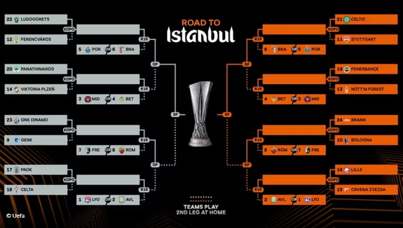 Nga çiftet e tjera Porto ndeshet me Shtutgartin, kurse Real Betis me Panathinaikosin. Lila përballet me Aston Vilën.
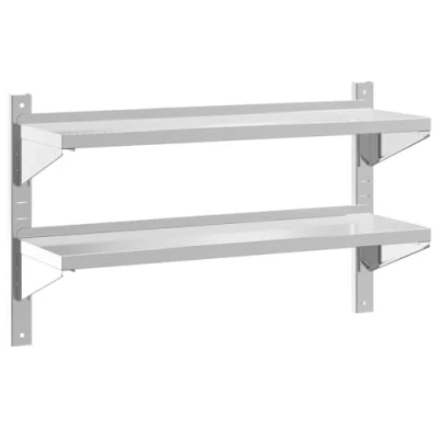 VidaXLFeaturing a practical design, the 2-tier wall shelf is meant to be the focal point of your living room, bedroom, etc. Sturdy and long-lasting: The wall floating shelf is made of stainless steel, making it durable, corrosion-resistant, and long-lasting.Space saving: This wall-mounted shelf can be wall-mounted to add extra storage space. That way, you can maximise your floor space and keep the area clean.Lifted edges: Delicate decor items are kept safe thanks to the wall storage with lifted edges.Easy to install: The wall rack is easy to install with the included mounting accessories.Multifunctional wall shelf: The wall-mounted shelf is made for both decorating and storing items in various sites like the commercial kitchen, home kitchen, garage, laundry room, utility and technical room, laboratory etc.
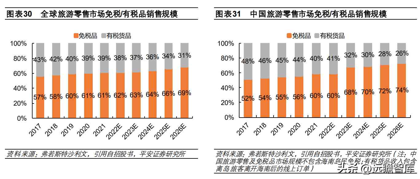 免税品在全球及中国旅游零售市场中占比约为 60%。
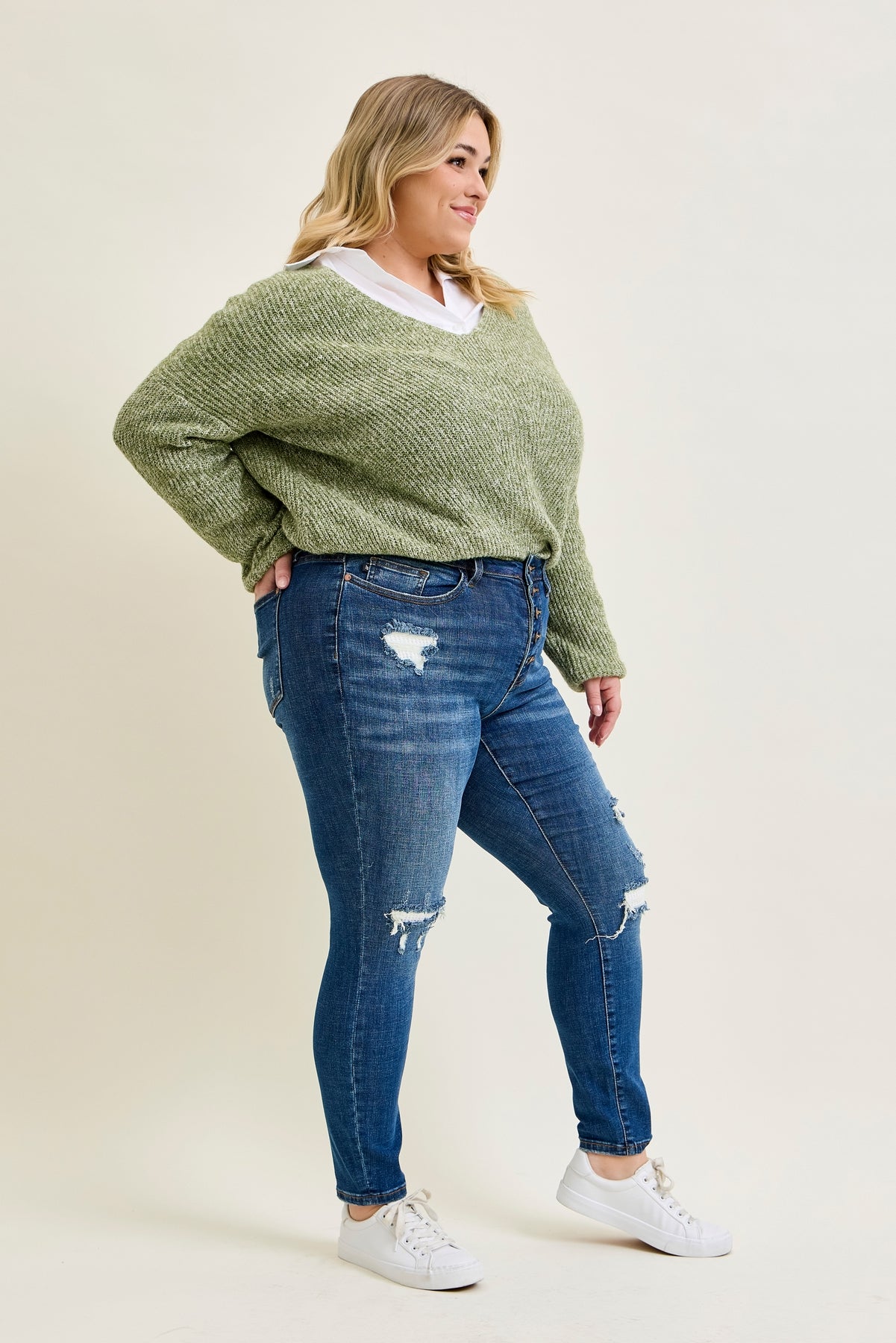 Sadie Mid Rise ThermaDENIM Insert Patch Skinny Jeans - PLUS
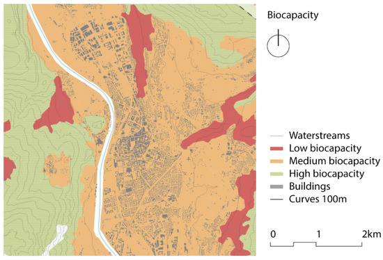 The carbon footprint of Trentino’s inhabitants turns out to be 2.55 tCO2eq, which when rendered in terms of global hectares (gha) for it to be compared with the biocapacity, which equals 2.72 gha. The map in Figure 5 shows the average biocapacity of the Trento case studies according to the different land use classification.
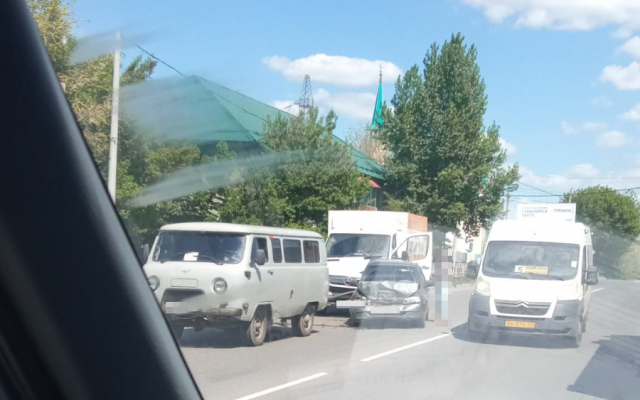 Сегодня днем, 1 июня, в Сызрани на улице Декабристов во втором часу дня рядом с мечетью собрался "паровозик" из трех машин. Столкнулись Калина, УАЗ-буханка и грузовой Мерседес.

▬▬▬▬▬▬▬▬▬▬

Everything from the line containing "Sadie Mid Rise" through the last line of the listing above must be output exactly, except the pictures.

 Sadie Mid Rise ThermaDENIM Insert Patch Skinny Jeans - PLUS
 The carbon footprint of Trentino’s inhabitants turns out to be 2.55 tCO2eq, which when rendered in terms of global hectares (gha) for it to be compared with the biocapacity, which equals 2.72 gha. The map in Figure 5 shows the average biocapacity of the Trento case studies according to the different land use classification.
 Сегодня днем, 1 июня, в Сызрани на улице Декабристов во втором часу дня рядом с мечетью собрался "паровозик" из трех машин. Столкнулись Калина, УАЗ-буханка и грузовой Мерседес.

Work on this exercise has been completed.